DATASET CONTENT →
════

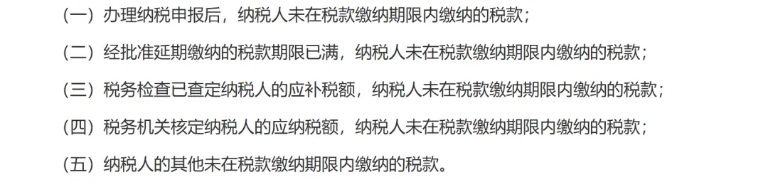 《办法》界定“欠税”为纳税人未按规定期限缴纳税款,涵盖五类情形:
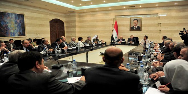 استمرارا للقاءات النوعية التي تعقدها الحكومة مع جميع مكونات المجتمع لتطوير العمل ودعم تكامليته في ظل الظروف الحالية وبهدف زيادة الفعالية والارتقاء بأداء الطيف المهني السوري إلى مستوى الظروف والتحديات التي فرضتها الحرب السوداء على البلاد حدد اجتماع العمل الموسع برئاسة المهندس عماد خميس رئيس مجلس الوزراء مع رؤساء المنظمات الشعبية والنقابات المهنية السبل والطرق الأفضل لإدارة المكونات البشرية والمادية لتكون الذراع المساعد لعمل الحكومة في إعادة عجلة الإنتاج وإعمار البلد.
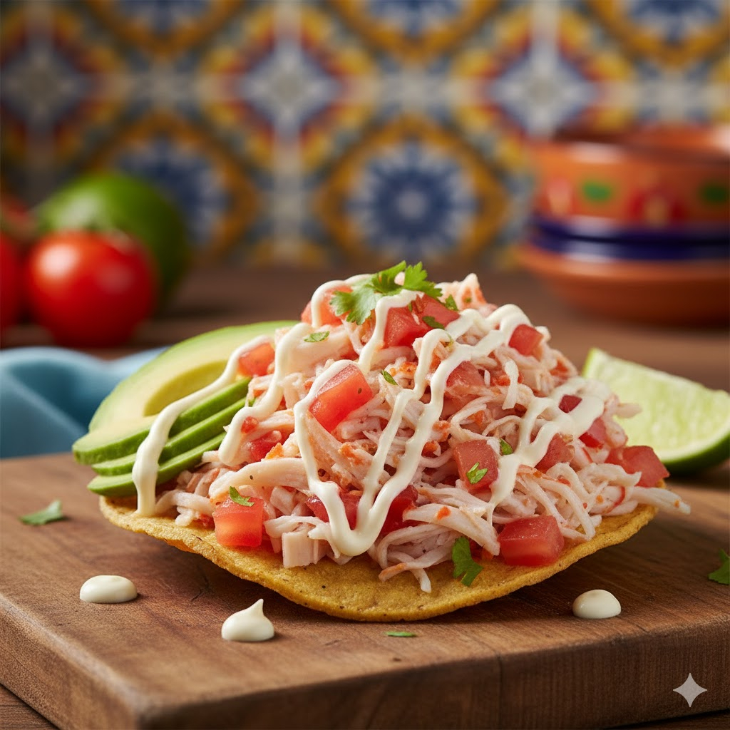 Tostada cubierta con surimi cocido, acompañados de jitomate picado, mayonesa y rebanadas de aguacate.

════

PROBLEM TO SOLVE → Word for word, reproduce the material above and omit each image.

TASK RESULT →
 《办法》界定“欠税”为纳税人未按规定期限缴纳税款,涵盖五类情形:
 استمرارا للقاءات النوعية التي تعقدها الحكومة مع جميع مكونات المجتمع لتطوير العمل ودعم تكامليته في ظل الظروف الحالية وبهدف زيادة الفعالية والارتقاء بأداء الطيف المهني السوري إلى مستوى الظروف والتحديات التي فرضتها الحرب السوداء على البلاد حدد اجتماع العمل الموسع برئاسة المهندس عماد خميس رئيس مجلس الوزراء مع رؤساء المنظمات الشعبية والنقابات المهنية السبل والطرق الأفضل لإدارة المكونات البشرية والمادية لتكون الذراع المساعد لعمل الحكومة في إعادة عجلة الإنتاج وإعمار البلد.
 Tostada cubierta con surimi cocido, acompañados de jitomate picado, mayonesa y rebanadas de aguacate.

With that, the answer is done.